Testimony before the Ohio House Finance Agriculture Subcommittee
March 11, 2015
Good morning, Chair Thompson, Ranking Member O’Brien, Representative Burkley, Representative Cera, and Representative Hall,
I am Beth Sheehan. I live in Cincinnati. I have come to reinforce the testimony of Ms. Theresa Stir, executive director of the Ohio Veterinary Medical Licensing Board (OVMLB), who asked you for additional funds for fiscal years 2016 and 2017. The OVMLB needs these funds in order to strengthen its veterinary oversight program. I am specifically asking for an additional $100,000.
Right now about half of the funds from that licensure passes through the Veterinary Board and into a General Fund, not to be touched by the Veterinary Board. Please release the Veterinary Board’s own funds for use in animal hospital inspections.
Three, primary reasons for having increased animal hospital inspections are community disease control, illegal drugs control, and consumer protection. The Center for Disease Control states that 75% of emerging infectious, human diseases come from animals. These are zoonotic diseases that pass between animal and human species. So, the possibility of disease spread in an unhygienic, animal hospital not only negatively impacts the animals’ health, but also threatens the health of the workers and pet owners. Public health is at stake here.
Veterinarians are licensed to prescribe and have regular access to drugs. Yet, the drugs housed and used in animal hospitals go largely unchecked. The black hole in veterinary oversight leaves a lot of room for bad actors, flying low under the radar, to take advantage. Right now in Ohio there is a background check just once during the career of a veterinarian, when he first applies for his license. In Ohio, that fledgling veterinarian and his animal hospital can both go unchecked and unnoticed for the rest of his career until he retires.
There have been several cases, most notably Alvin Burger of Canton, Ohio and Brandi Tomko of Summit County, Ohio, who were both found guilty of practicing veterinary medicine without a license in their county courts. Where were these individuals getting their veterinary drugs to use in their illegal practice?
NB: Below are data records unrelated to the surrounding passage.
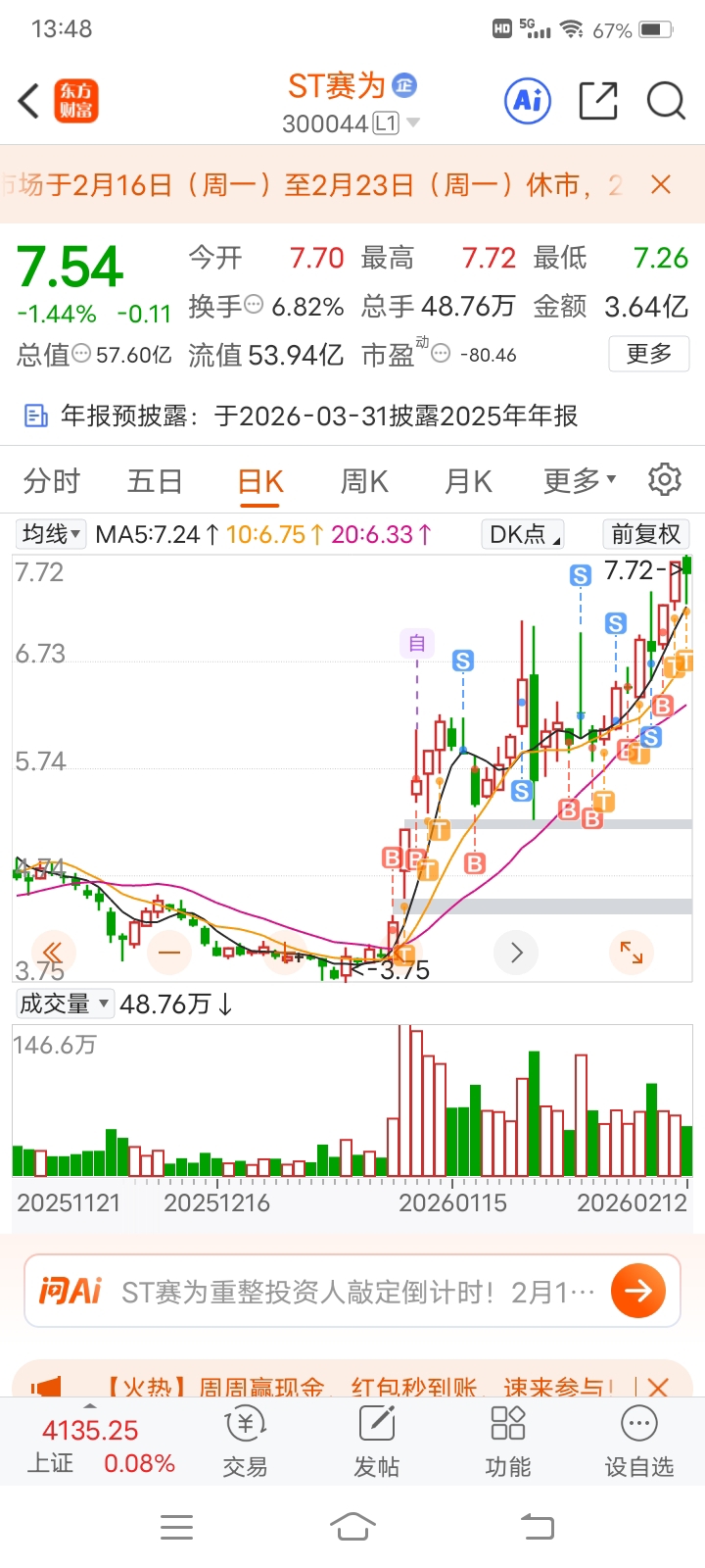 $ST赛为(SZ300044)$ 打工?打工是不可能的,做生意又不会,也只能靠买卖赛为做做T来维持生活!
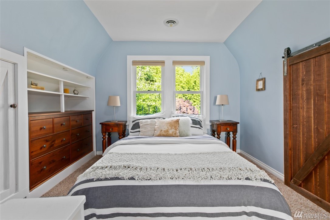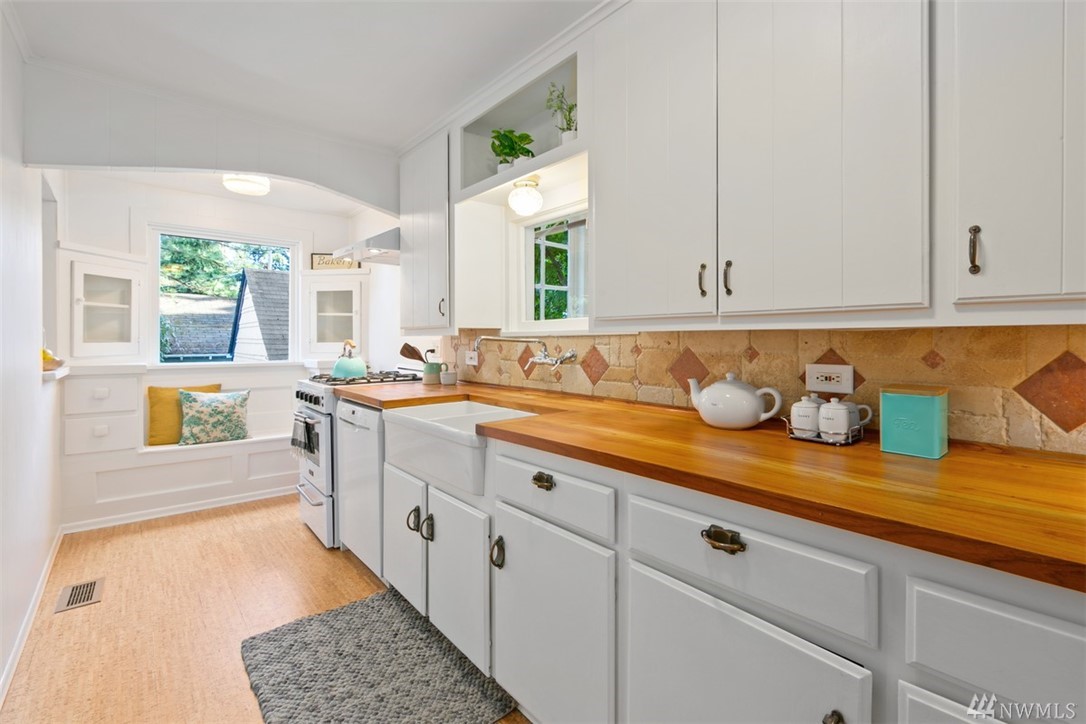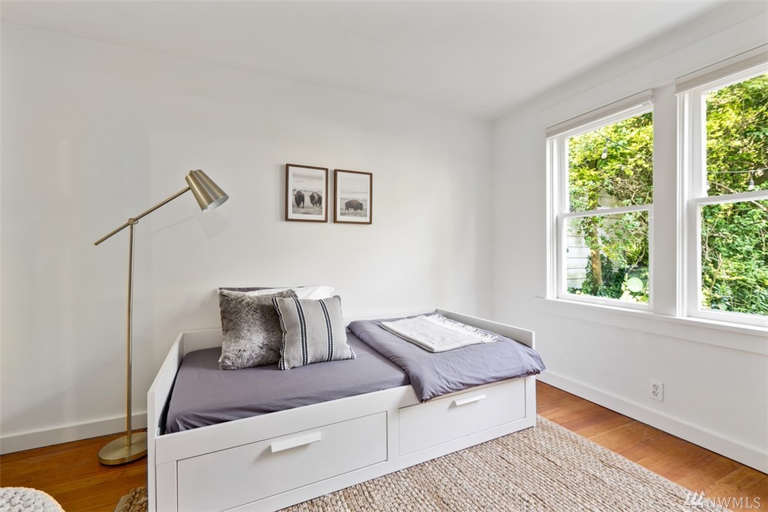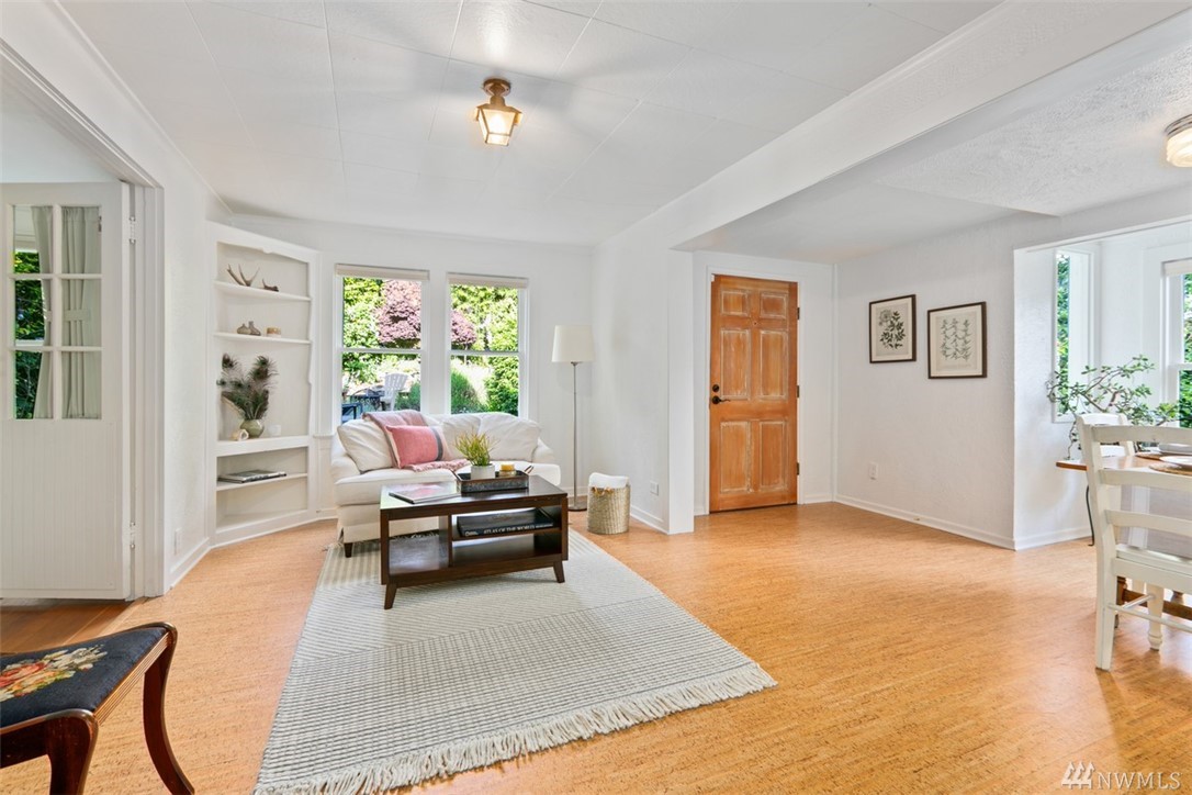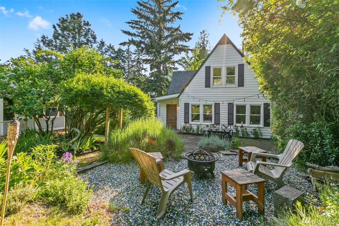 Storybook charmer set in a private oasis. Sun-filled Broadview home with outdoor views from every room. Beautifully landscaped yard w/flowers, fruit trees, & planter beds. Private terraced outdoor living space. Dine under the stars, or cozy up to the fire pit. Out-bldgs incl garage, shed & detached office/studio/guest house. Home feat. breakfast nook, claw foot tub, original built-ins & spacious master suite. New appliances, roof, cork floors, int/ext paint. Walk to Carkeek Park, schools, cafes.
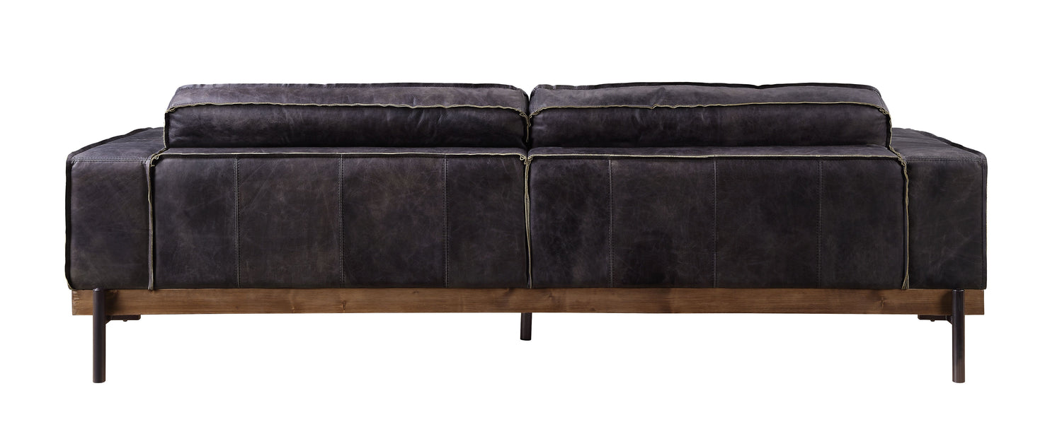 Part of the handsome Silchester Collection, this modern sofa set will look great in any contemporary space. Contrast stitching makes the antique ebony top-grain leather upholstery pop, and highlights the warm color of the wooden trim base. Metal spindle legs visually lighten the substantial proportions of this sofa set. Enjoy wide track arms and comfortable feather and foam seat construction, and relax in style.

Additionally, Lee Ann Givan, DVM, was severely censored by the Tennessee Veterinary Board for a host of behaviors, including illegal use of drugs. What did Dr. Givan do then? She promptly moved to Ohio, where she was issued a license. She was later sanctioned by the OVMLB for getting drugs for her two dogs, but using them herself.
Recently, Michael Smith, DVM, of Zanesville, Ohio, his son, Eryn R. Smith, and Travis E. Ryan, “were indicted following a more than 2-year, multiagency investigation into a prescription drug trafficking ring.” Hopefully, the increased inspections of animal hospitals would be another prong to successfully work against prescription drug trafficking rings in Ohio.
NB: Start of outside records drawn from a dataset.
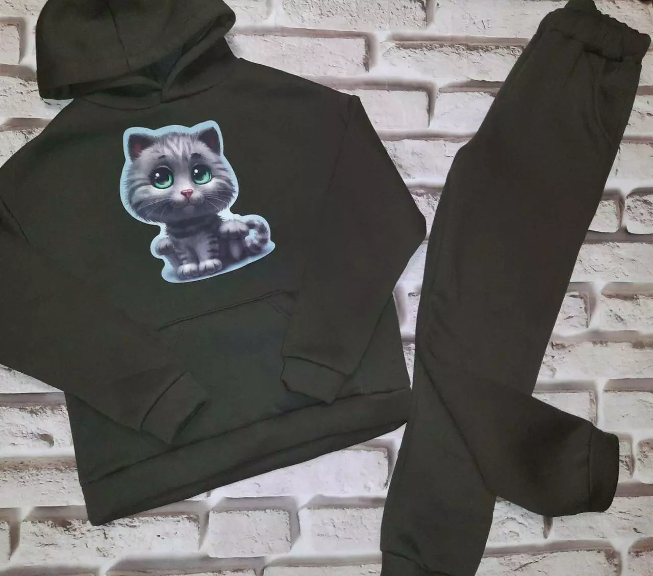 Дитячий спортивний костюм на дівчинку колір Хакі (Плотна, тепла тканина, не кошлатиться) "Кошеня"
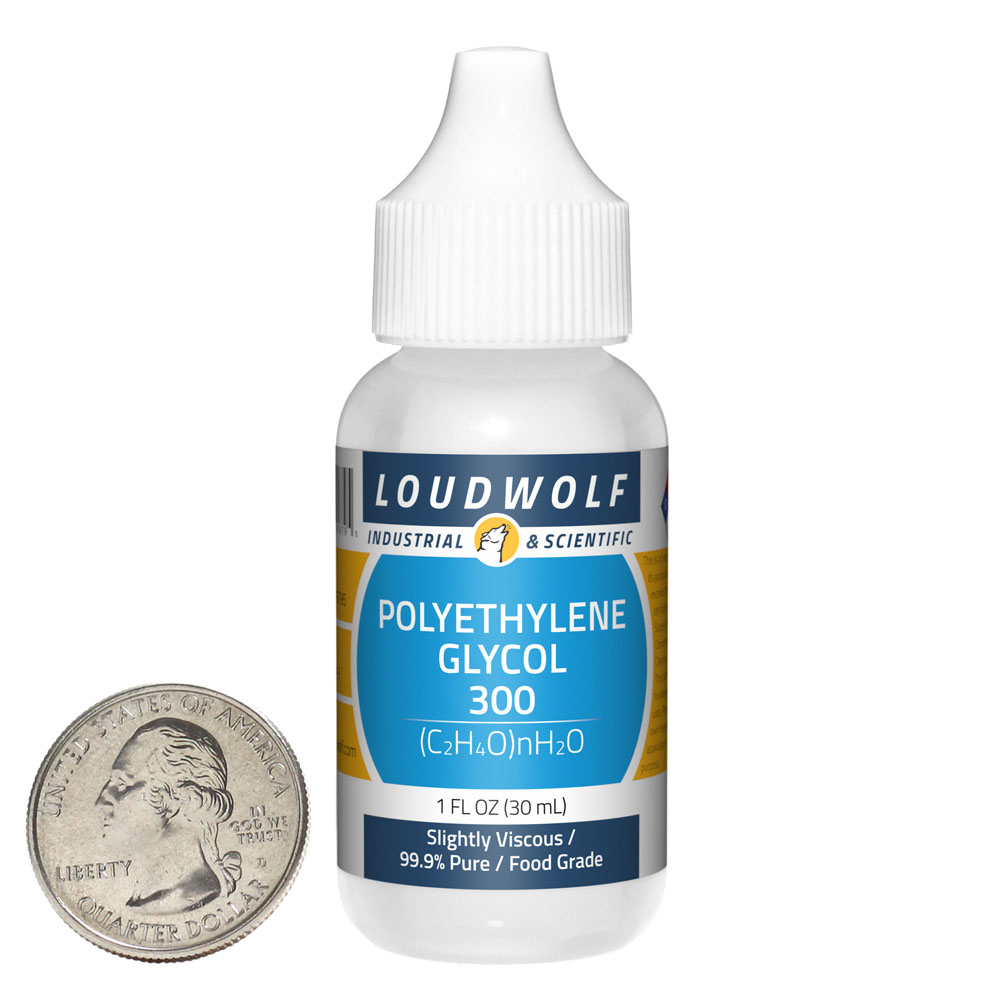 The item for sale is 1 Fluid Oz (30 mL) of Polyethylene Glycol 300 ((C2H4O)nH2O). Polyethylene Glycol 300, also known as PEG, is a flexible, water-soluble polyether compound with applications ranging from medicine to industrial manufacturing. For propylene glycol or glycerin, check out our other listings. |
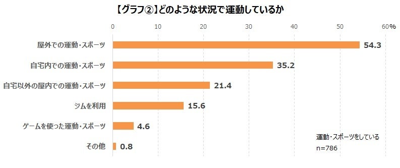 日頃、運動・スポーツをしていると答えたゲーマーに、どのような状況で運動・スポーツをしているかを聞いてみたところ、54.3%と半数を越えるゲーマーが「屋外での運動・スポーツ」と回答しました。また、「自宅内での運動・スポーツ」はコロナ禍で自宅で過ごす時間が増えたこともあってか、3割を超えています。一方で、「ジムを利用」と回答したのは2割以下と少なく、ジムには通わず自宅で手軽に運動している人が多く見られます。
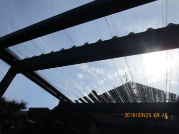 車庫の折板を半分透明なものに替えました
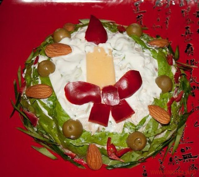 Из красного перца вырезать огонёк свечи и праздничный бант. Также, произвольно, украсить салат орехами и оливками.
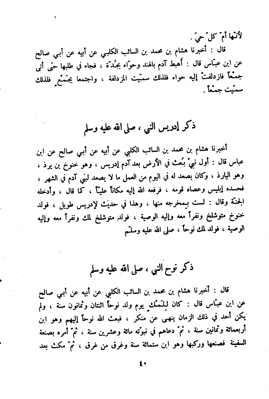 أَخْبَرَنَا هِشَامُ بْنُ مُحَمَّدِ بْنِ السَّائِبِ الْكَلْبِيُّ، عَنْ أَبِيهِ، عَنْ أَبِي صَالِحٍ، عَنِ ابْنِ عَبَّاسٍ قَالَ: " §أَوَّلُ نَبِيٍّ بُعِثَ فِي الْأَرْضِ بَعْدَ آدَمَ إِدْرِيسُ وَهُوَ خَنُوخُ بْنُ يَرْذَ وَهُوَ الْيَارِذُ وَكَانَ يَصْعَدُ لَهُ فِي الْيَوْمِ مِنَ الْعَمَلِ مَا لَا يَصْعَدُ لِبَنِي آدَمَ فِي الشَّهْرِ فَحَسَدَهُ إِبْلِيسُ وَعَصَاهُ قَوْمُهُ فَرَفَعَهُ اللَّهُ إِلَيْهِ مَكَانًا عَلِيًّا كَمَا قَالَ وَأَدْخَلَهُ الْجَنَّةَ وَقَالَ: لَسْتُ بِمُخْرِجِهِ مِنْهَا، وَهَذَا فِي حَدِيثٍ لِإِدْرِيسَ طَوِيلٍ فَوَلَدَ خَنُوخُ مُتَوَشْلِخَ وَنَفَرًا مَعَهُ وَإِلَيْهِ الْوَصِيَّةُ فَوَلَدَ مُتَوَشْلِخُ لَمْكَ وَنَفَرًا مَعَهُ وَإِلَيْهُ الْوَصِيَّةُ فَوَلَدَ لَمْكٌ نُوحًا صلّى الله عليه وسلم "
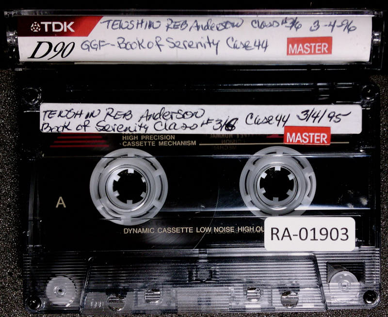 This class was advertised as having how many meetings? Six? Huh? So the way things have worked out is that there's a session scheduled in the middle of the class, sort of. Not in the middle exactly, but in the middle of the class. So the sixth meeting will be after the session. All right? Which means the sixth meeting will be in April. but there'll be a week break during which time we'll have a session which you're welcome to come to probably talk about koans there too another thing is oh I have some copies of a commentary on the Bodhisattva initiation ceremony I'd like to say something about this class, and that is that I tried to go through this book, this book of serenity, a few times.

Third, the mission statement of the OVMLB is “consumer protection”. Right now Ohio veterinarians are “on the honor system”. Ohio consumers remain unprotected if the conditions and operations of their animal hospitals are unknown and unmonitored by the state agency that issues the licenses. In fact, it is only in recent months that the number of animal hospitals and their locations became known by the OVMLB.
Finally, I appreciate the opportunity to speak with the Ohio House Finance subcommittee today about the need for the Ohio Veterinary Board to have access to an additional $100,000 of its own money. These funds will be used to increase animal hospital inspections, aimed at protecting public health, monitoring illegal use of drugs, and protecting the consumer.